*Task item:* Pictures in the records below must be left out. Return exactly the lines from the line with "纸飞机纹身图案 男生手腕上黑色的纸飞机纹身图片" to the line with "men's Gray Suede", both included.

*Provided data:*
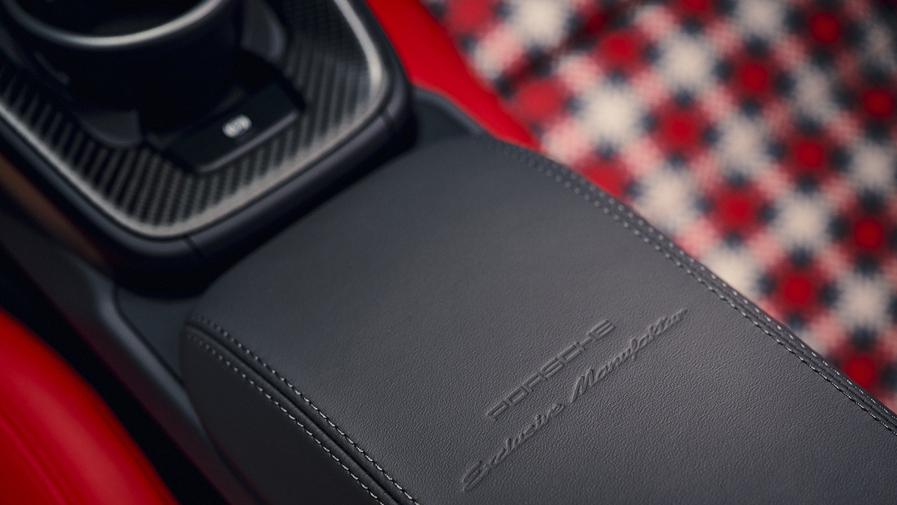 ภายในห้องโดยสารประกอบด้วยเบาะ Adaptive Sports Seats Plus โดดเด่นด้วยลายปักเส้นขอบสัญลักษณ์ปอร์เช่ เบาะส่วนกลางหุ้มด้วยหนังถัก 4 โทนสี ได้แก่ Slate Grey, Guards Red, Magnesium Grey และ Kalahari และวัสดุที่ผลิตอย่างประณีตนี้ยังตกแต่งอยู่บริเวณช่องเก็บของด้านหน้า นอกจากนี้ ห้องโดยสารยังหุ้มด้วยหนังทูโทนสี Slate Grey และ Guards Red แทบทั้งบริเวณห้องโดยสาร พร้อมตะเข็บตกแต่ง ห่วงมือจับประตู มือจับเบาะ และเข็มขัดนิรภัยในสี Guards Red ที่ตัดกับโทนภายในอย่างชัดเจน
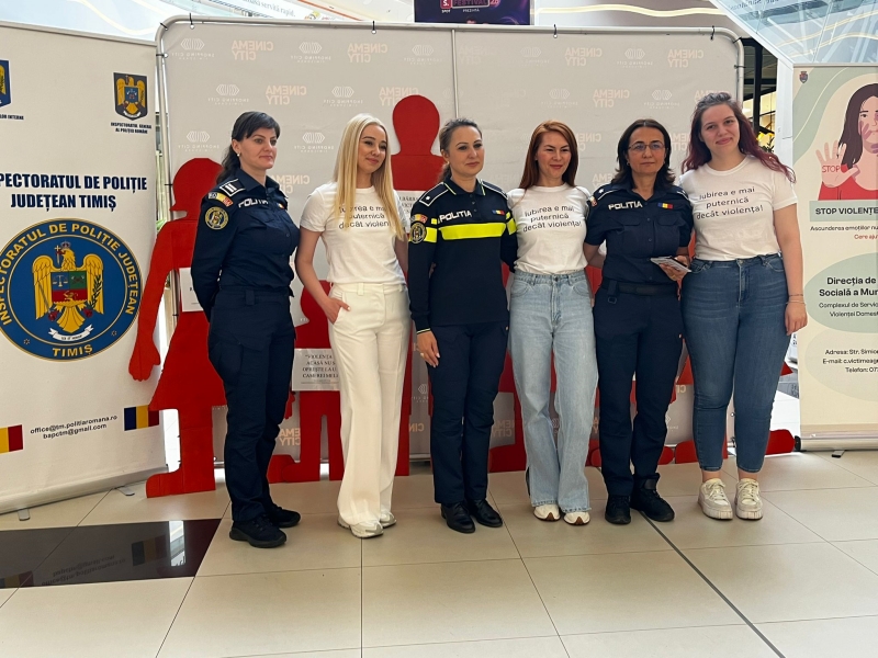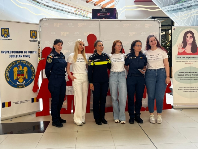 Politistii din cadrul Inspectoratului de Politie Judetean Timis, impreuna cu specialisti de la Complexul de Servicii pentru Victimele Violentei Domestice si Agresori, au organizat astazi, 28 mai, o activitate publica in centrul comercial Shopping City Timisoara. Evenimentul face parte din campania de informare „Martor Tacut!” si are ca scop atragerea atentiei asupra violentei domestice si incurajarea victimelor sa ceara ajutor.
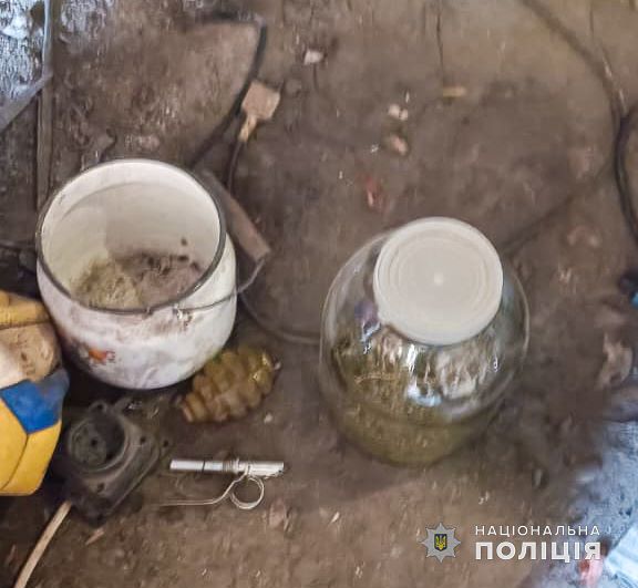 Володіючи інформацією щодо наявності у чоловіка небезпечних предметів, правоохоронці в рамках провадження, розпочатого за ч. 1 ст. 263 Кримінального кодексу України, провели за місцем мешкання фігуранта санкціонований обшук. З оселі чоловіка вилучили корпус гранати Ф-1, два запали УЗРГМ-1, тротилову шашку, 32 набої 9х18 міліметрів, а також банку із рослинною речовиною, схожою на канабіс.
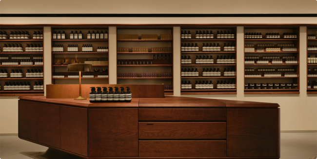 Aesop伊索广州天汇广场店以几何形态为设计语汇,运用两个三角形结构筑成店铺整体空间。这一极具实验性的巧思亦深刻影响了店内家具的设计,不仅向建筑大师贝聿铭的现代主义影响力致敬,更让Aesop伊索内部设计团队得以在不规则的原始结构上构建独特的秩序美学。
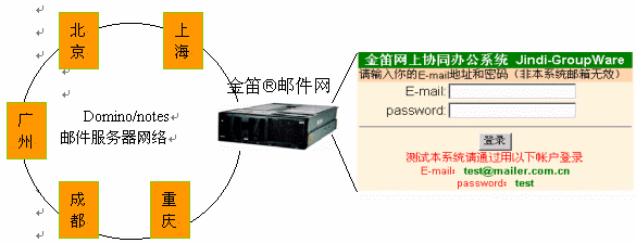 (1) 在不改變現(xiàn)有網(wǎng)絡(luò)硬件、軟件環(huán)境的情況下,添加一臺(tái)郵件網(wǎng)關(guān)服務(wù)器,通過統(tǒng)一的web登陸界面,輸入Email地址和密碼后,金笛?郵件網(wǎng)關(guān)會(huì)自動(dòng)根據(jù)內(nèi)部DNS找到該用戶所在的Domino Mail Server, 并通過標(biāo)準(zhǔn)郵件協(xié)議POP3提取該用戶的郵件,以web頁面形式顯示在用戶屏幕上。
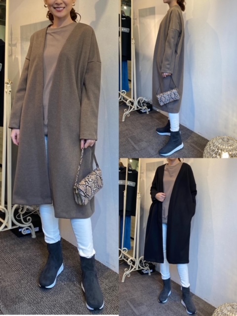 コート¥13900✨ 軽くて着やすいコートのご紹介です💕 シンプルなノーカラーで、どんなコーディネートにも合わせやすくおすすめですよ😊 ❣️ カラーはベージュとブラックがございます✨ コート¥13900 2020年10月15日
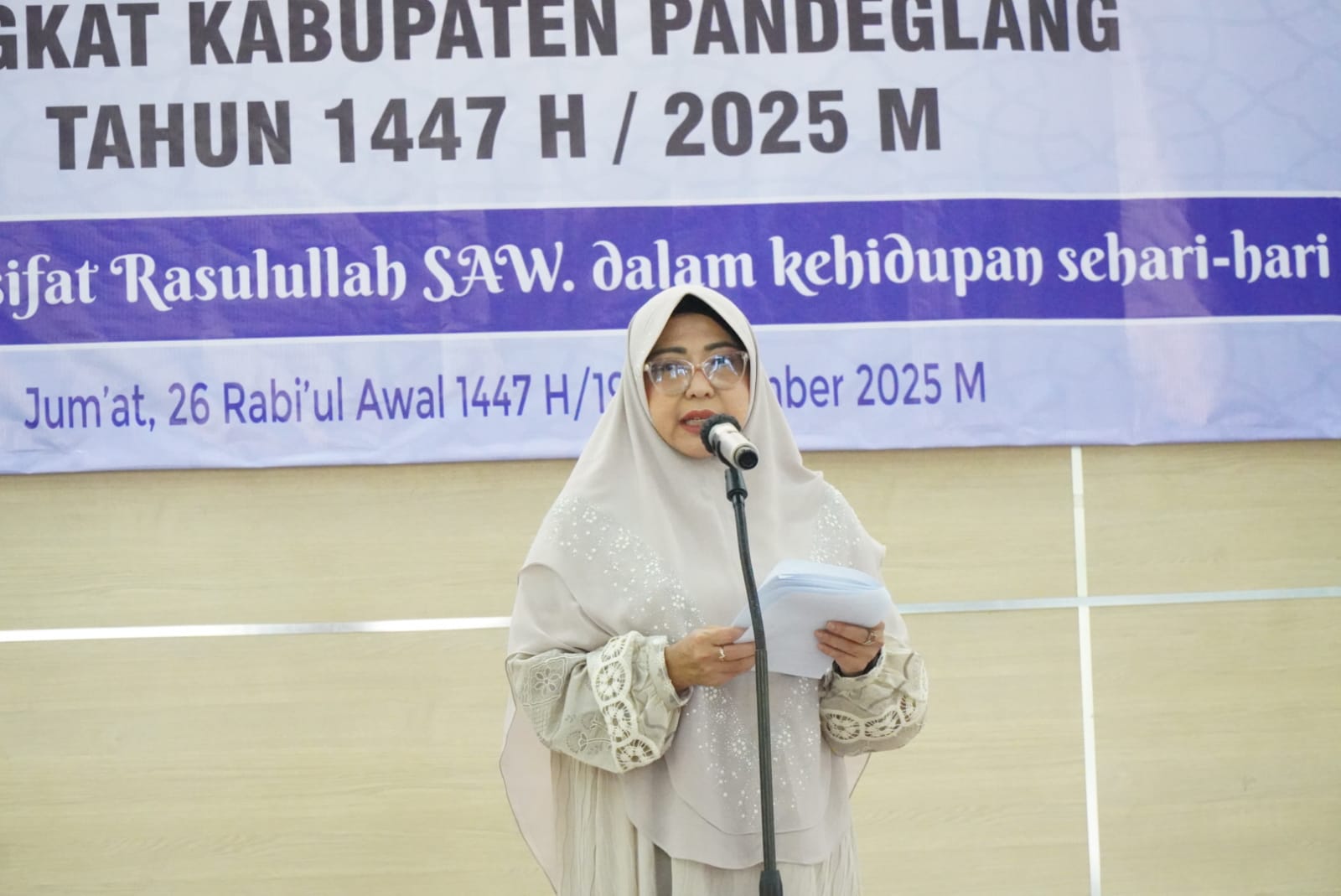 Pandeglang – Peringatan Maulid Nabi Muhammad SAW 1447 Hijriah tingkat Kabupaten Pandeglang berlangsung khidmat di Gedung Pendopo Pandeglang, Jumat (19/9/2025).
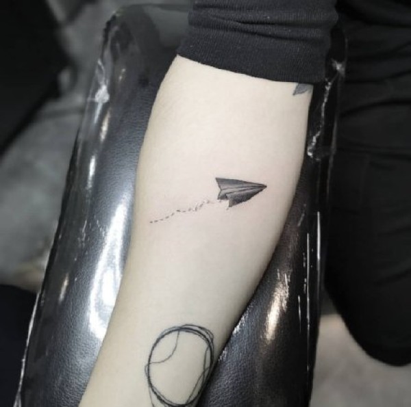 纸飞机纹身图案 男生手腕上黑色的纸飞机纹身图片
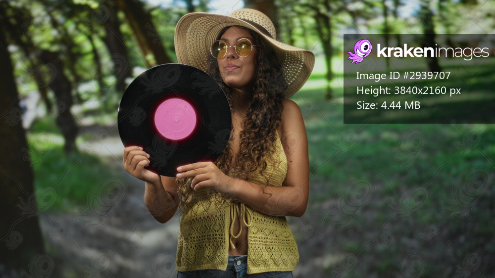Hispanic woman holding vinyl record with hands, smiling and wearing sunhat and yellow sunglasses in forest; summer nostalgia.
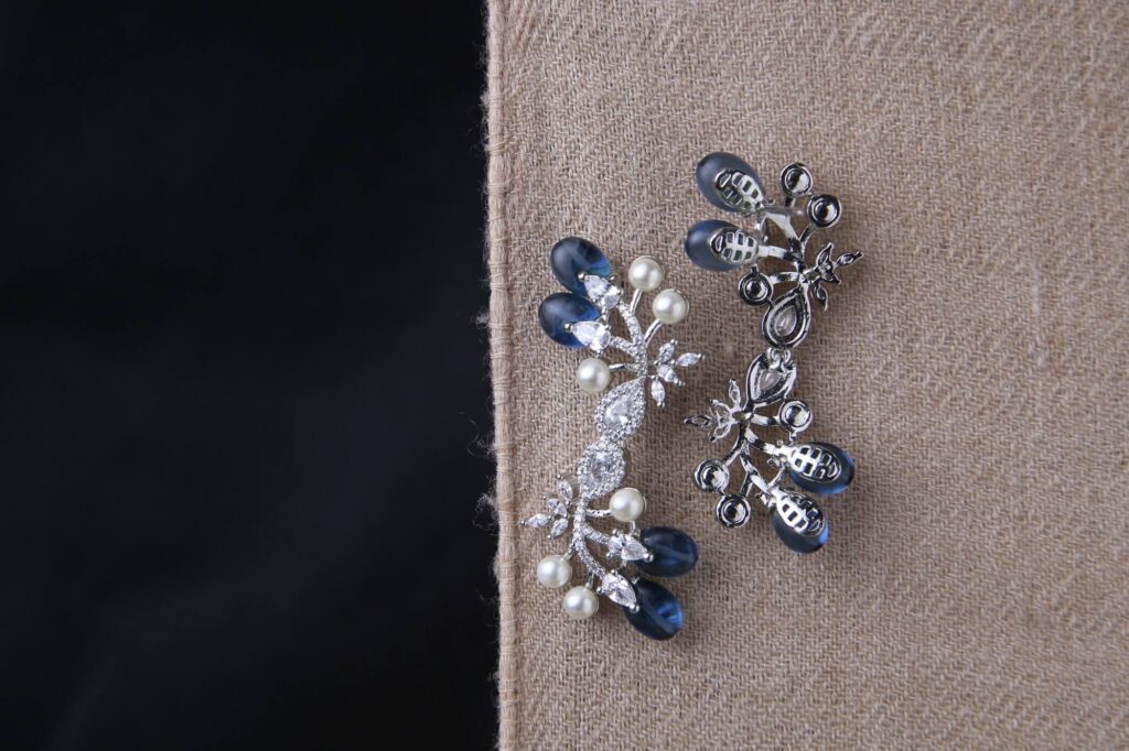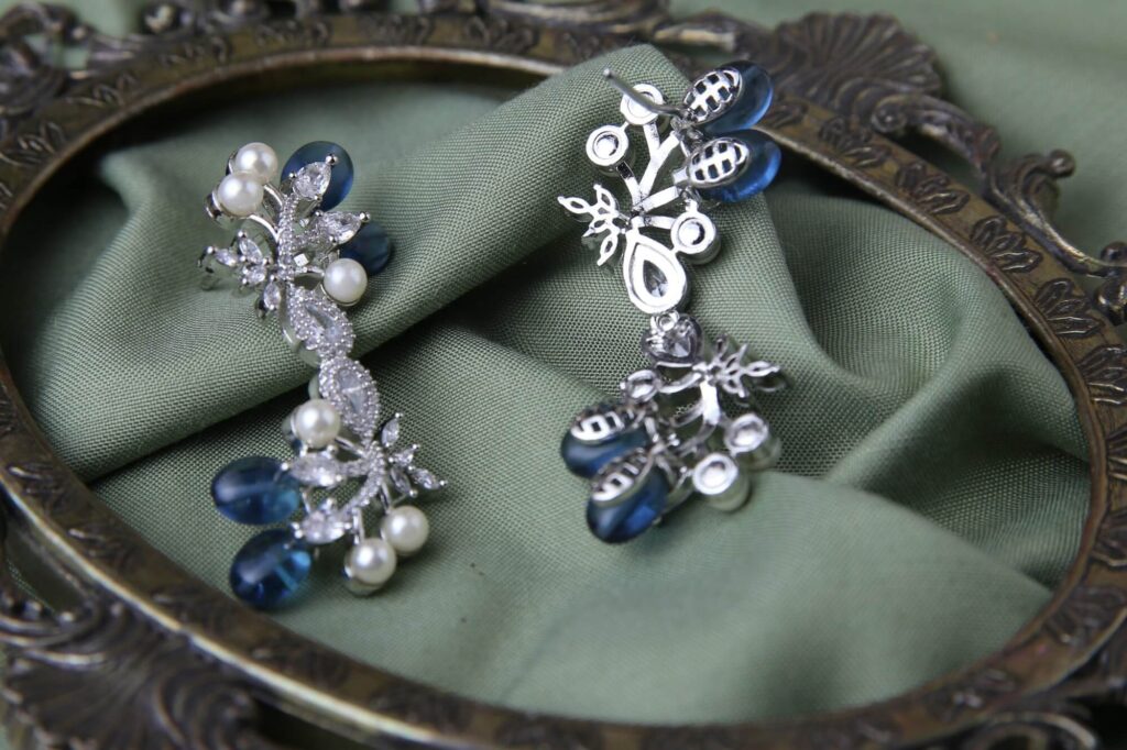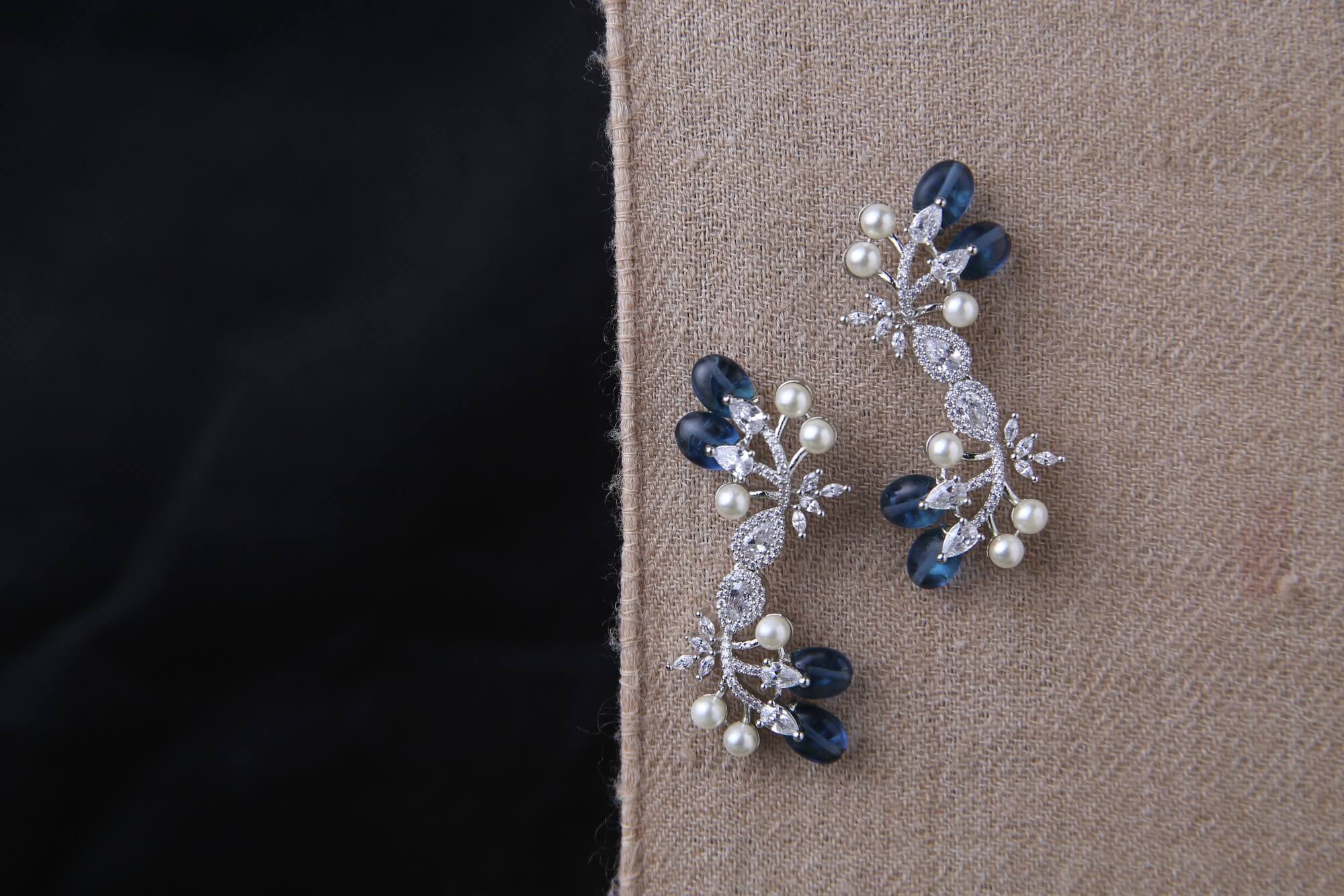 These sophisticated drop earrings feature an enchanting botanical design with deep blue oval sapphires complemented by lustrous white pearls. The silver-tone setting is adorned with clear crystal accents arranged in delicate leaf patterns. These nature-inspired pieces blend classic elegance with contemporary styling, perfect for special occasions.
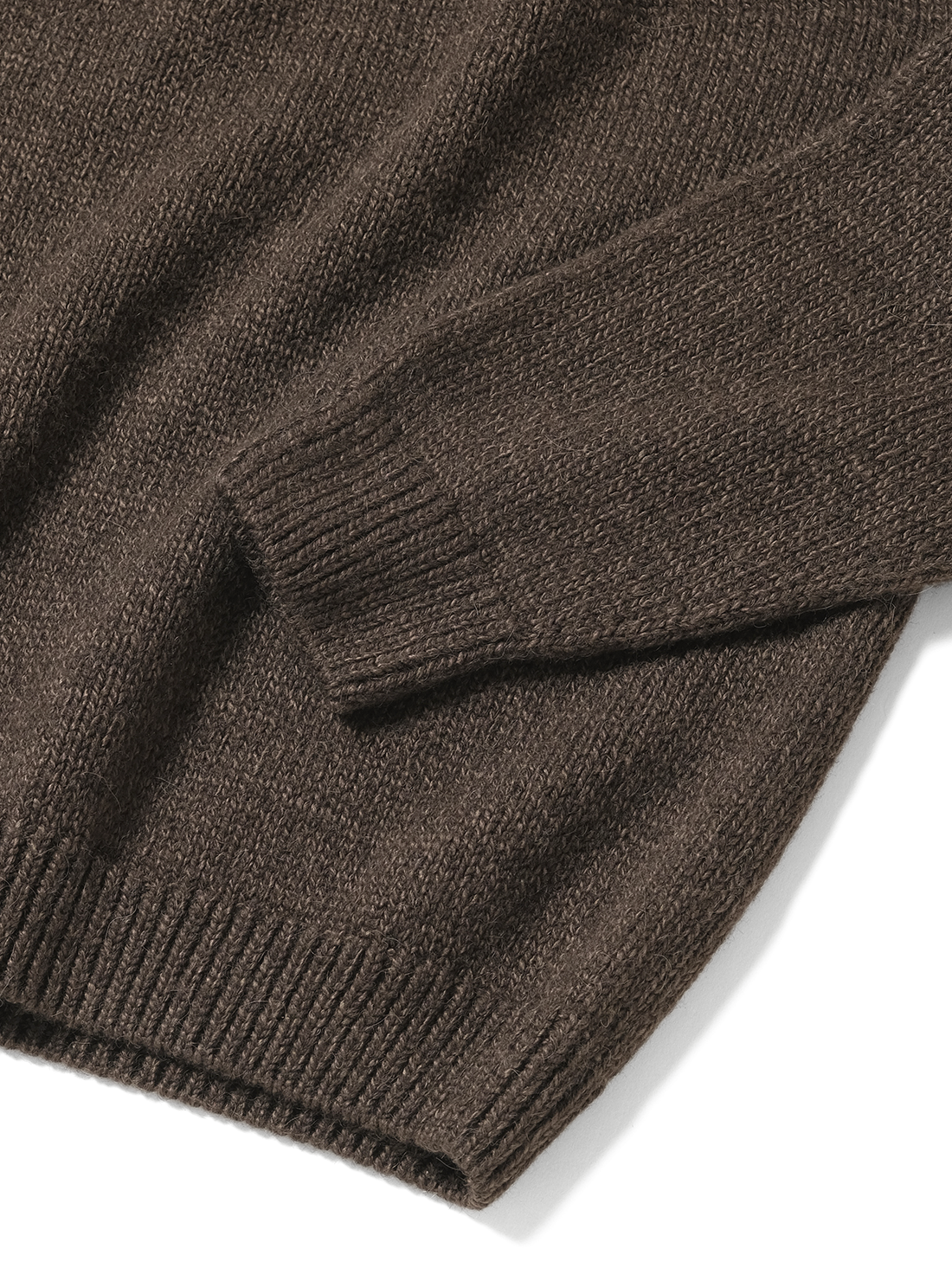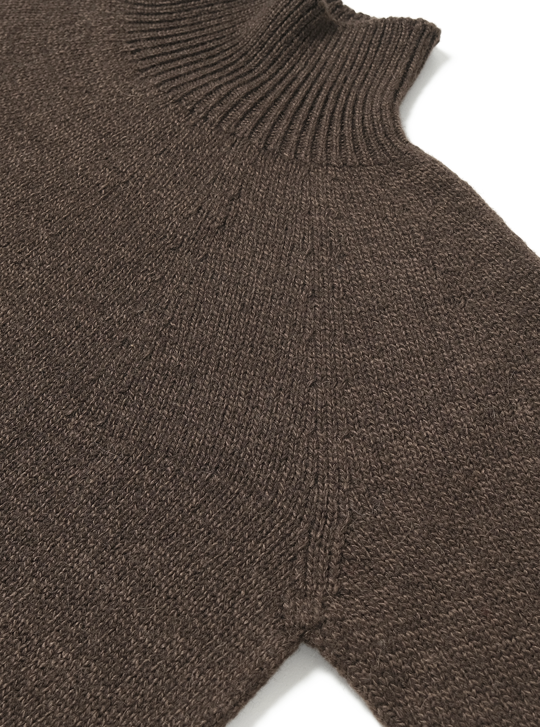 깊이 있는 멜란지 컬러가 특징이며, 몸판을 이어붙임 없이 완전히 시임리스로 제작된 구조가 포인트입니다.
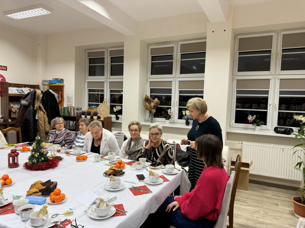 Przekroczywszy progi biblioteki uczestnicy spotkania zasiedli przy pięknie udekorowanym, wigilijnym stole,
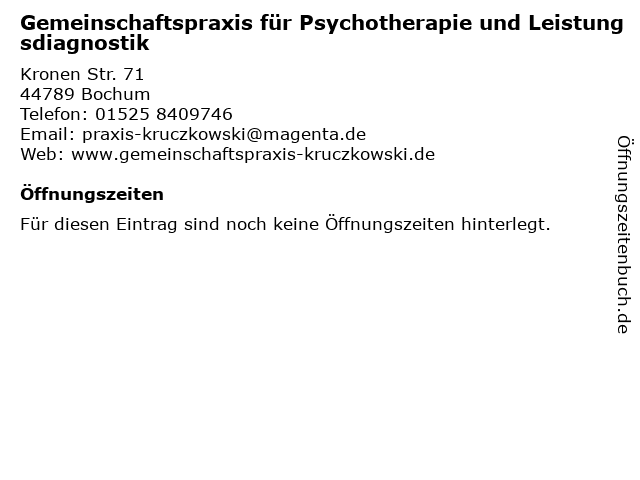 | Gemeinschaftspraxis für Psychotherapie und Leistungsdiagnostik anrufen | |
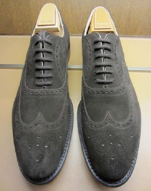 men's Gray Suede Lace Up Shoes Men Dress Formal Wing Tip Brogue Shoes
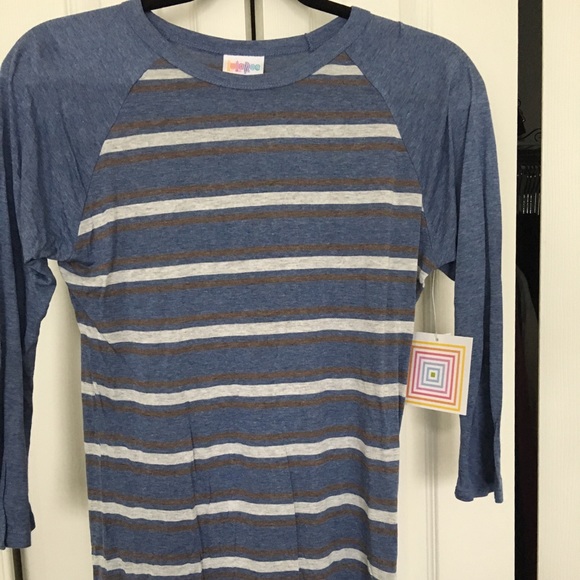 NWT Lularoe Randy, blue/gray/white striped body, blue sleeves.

*Exercise response:*
 纸飞机纹身图案 男生手腕上黑色的纸飞机纹身图片
Hispanic woman holding vinyl record with hands, smiling and wearing sunhat and yellow sunglasses in forest; summer nostalgia.
 These sophisticated drop earrings feature an enchanting botanical design with deep blue oval sapphires complemented by lustrous white pearls. The silver-tone setting is adorned with clear crystal accents arranged in delicate leaf patterns. These nature-inspired pieces blend classic elegance with contemporary styling, perfect for special occasions.
 깊이 있는 멜란지 컬러가 특징이며, 몸판을 이어붙임 없이 완전히 시임리스로 제작된 구조가 포인트입니다.
 Przekroczywszy progi biblioteki uczestnicy spotkania zasiedli przy pięknie udekorowanym, wigilijnym stole,
 | Gemeinschaftspraxis für Psychotherapie und Leistungsdiagnostik anrufen | |
 men's Gray Suede Lace Up Shoes Men Dress Formal Wing Tip Brogue Shoes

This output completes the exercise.